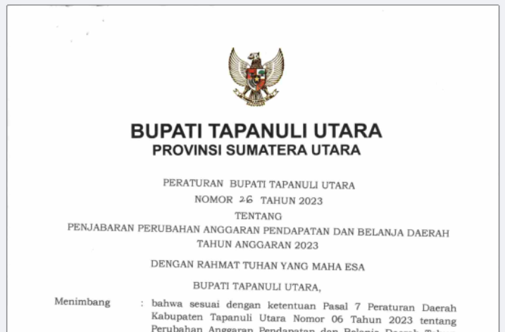 Peraturan Bupati No.26 Tahun 2023 Tentang Penjabaran Perubahan APBD TA 2023
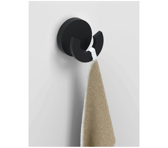 Dobbeltkrog udført i et design af mat sortlakeret metal. Krogen måler 4,8 cm i diameter.
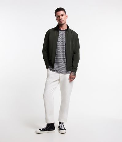 A jaqueta bomber é um modelo leve, possui elástico no punho e cintura, e também bolsos. É uma peça curinga, versátil e pode ser combinada em diversos looks, desde os mais modernos, até combinações com uma pegada mais esportiva.
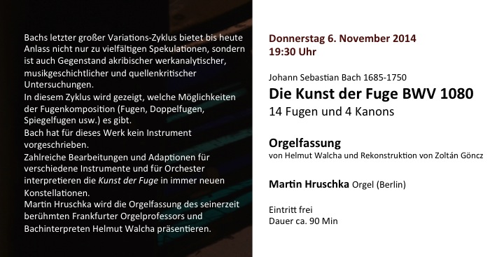Bachs letzter großer Variations-Zyklus bietet bis heute Anlass nicht nur zu vielfältigen Spekulationen, sondern ist auch Gegenstand akribischer werkanalytischer, musikgeschichtlicher und quellenkritischer Untersuchungen. In diesem Zyklus wird gezeigt, welche Möglichkeiten der Fugenkomposition (Fugen, Doppelfugen, Spiegelfugen usw.) es gibt. Bach hat für dieses Werk kein Instrument vorgeschrieben. Zahlreiche Bearbeitungen und Adaptionen für verschiedene Instrumente und für Orchester interpretieren die Kunst der Fuge in immer neuen Konstellationen. Martin Hruschka wird die Orgelfassung des seinerzeit berühmten Frankfurter Orgelprofessors und Bachinterpreten Helmut Walcha präsentieren.
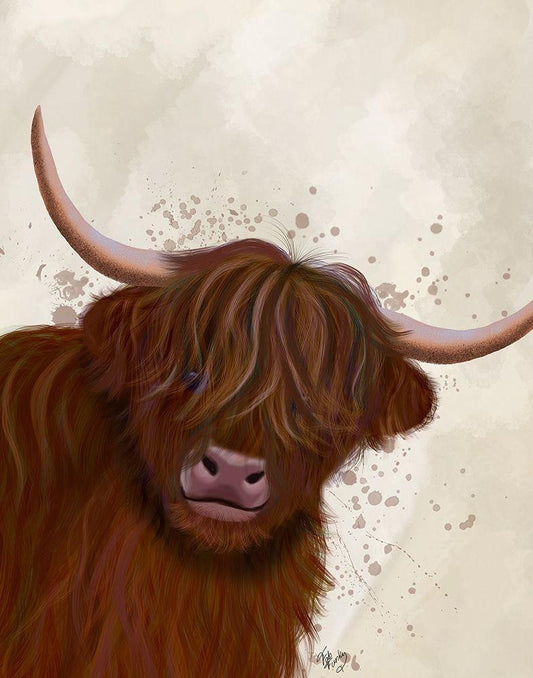 Highland Cow 2, Portrait White Modern Wood Framed Art Print with Double Matting by Fab Funky
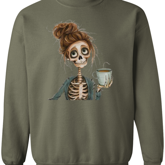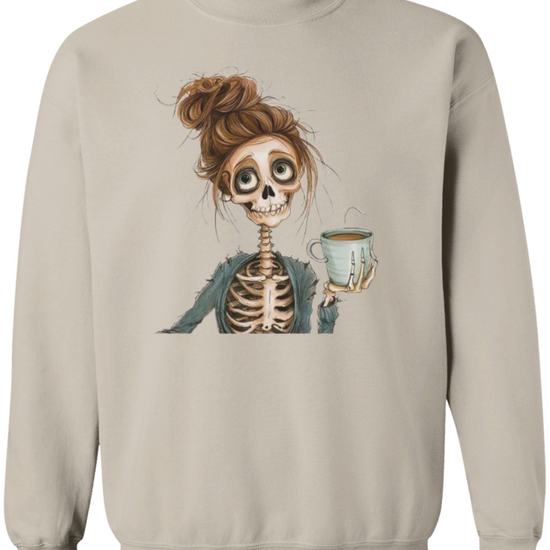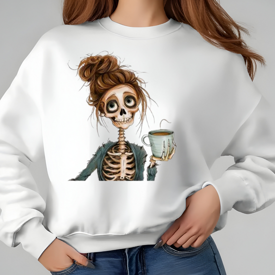 Funny Skull Girl Print Halloween Skeleton Coffee Sweatshirt
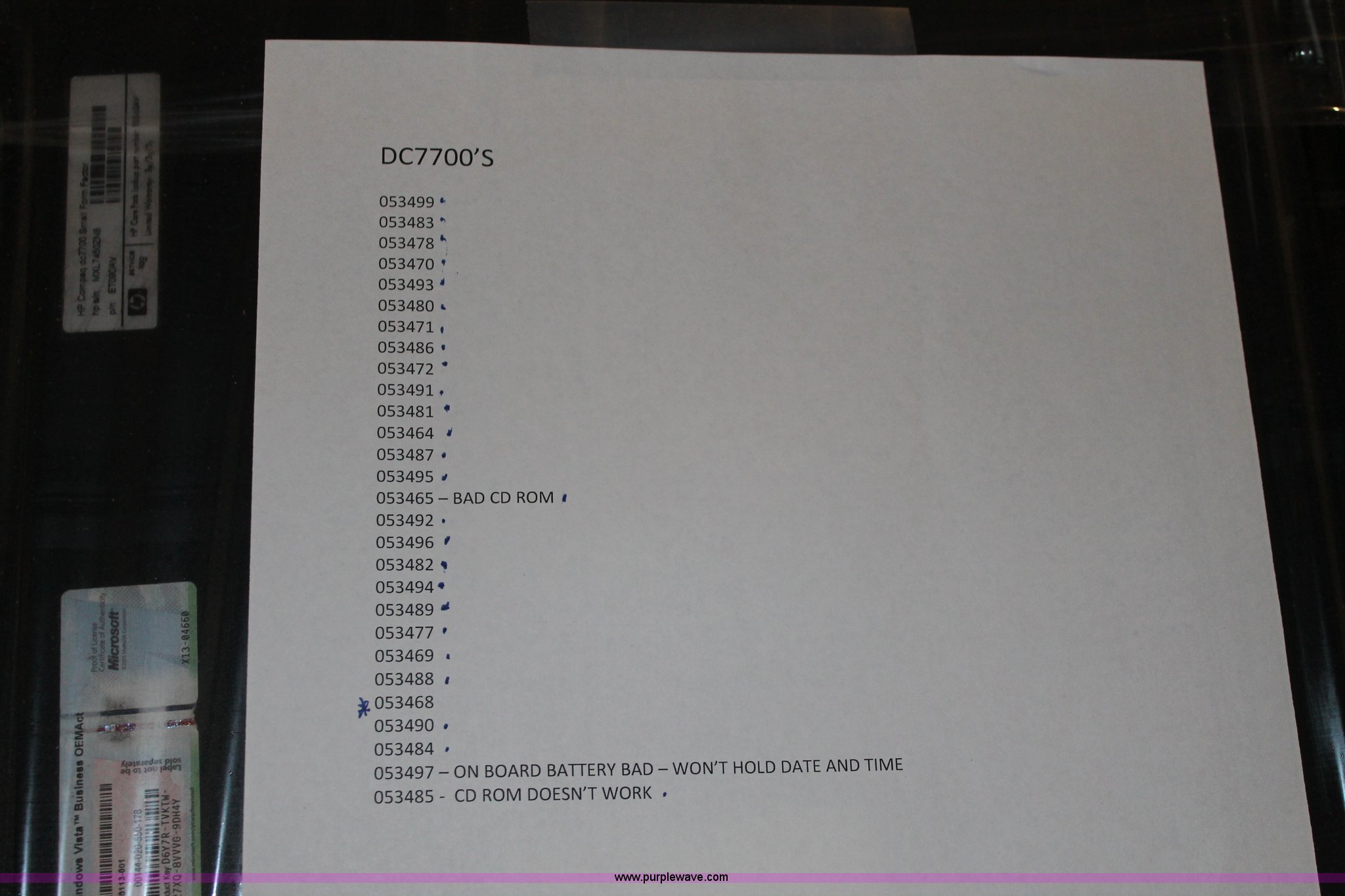 (29) HP DC7700 computers. Intel processor 1.86 GHz, 2 GB RAM, 160 GB hard drive, Optical drive , No operating system installed, Two with bad optical drives, One with bad on-board battery. View inventory for more information KDOT ID 053-464, 053-465, 053-469, 053-470, 053-471, 053-472, 053-477, 053-478, 053-479, 053-480, 053-481, 053-482, 053-483, 053-484, 053-485, 053-486, 053-487, 053-488, 053-489, 053-490,053-491, 053-492,053-493, 053-494,053-495, 053-496,053-497, 053-499,053-568. KDOT Hutchinson. 500 N Hendricks. Hutchinson, KS 67504

━━━━━━

Print all of the records shown above exactly, leaving out each picture.

 Peraturan Bupati No.26 Tahun 2023 Tentang Penjabaran Perubahan APBD TA 2023
 Dobbeltkrog udført i et design af mat sortlakeret metal. Krogen måler 4,8 cm i diameter.
 A jaqueta bomber é um modelo leve, possui elástico no punho e cintura, e também bolsos. É uma peça curinga, versátil e pode ser combinada em diversos looks, desde os mais modernos, até combinações com uma pegada mais esportiva.
Bachs letzter großer Variations-Zyklus bietet bis heute Anlass nicht nur zu vielfältigen Spekulationen, sondern ist auch Gegenstand akribischer werkanalytischer, musikgeschichtlicher und quellenkritischer Untersuchungen. In diesem Zyklus wird gezeigt, welche Möglichkeiten der Fugenkomposition (Fugen, Doppelfugen, Spiegelfugen usw.) es gibt. Bach hat für dieses Werk kein Instrument vorgeschrieben. Zahlreiche Bearbeitungen und Adaptionen für verschiedene Instrumente und für Orchester interpretieren die Kunst der Fuge in immer neuen Konstellationen. Martin Hruschka wird die Orgelfassung des seinerzeit berühmten Frankfurter Orgelprofessors und Bachinterpreten Helmut Walcha präsentieren.
 Highland Cow 2, Portrait White Modern Wood Framed Art Print with Double Matting by Fab Funky
 Funny Skull Girl Print Halloween Skeleton Coffee Sweatshirt
 (29) HP DC7700 computers. Intel processor 1.86 GHz, 2 GB RAM, 160 GB hard drive, Optical drive , No operating system installed, Two with bad optical drives, One with bad on-board battery. View inventory for more information KDOT ID 053-464, 053-465, 053-469, 053-470, 053-471, 053-472, 053-477, 053-478, 053-479, 053-480, 053-481, 053-482, 053-483, 053-484, 053-485, 053-486, 053-487, 053-488, 053-489, 053-490,053-491, 053-492,053-493, 053-494,053-495, 053-496,053-497, 053-499,053-568. KDOT Hutchinson. 500 N Hendricks. Hutchinson, KS 67504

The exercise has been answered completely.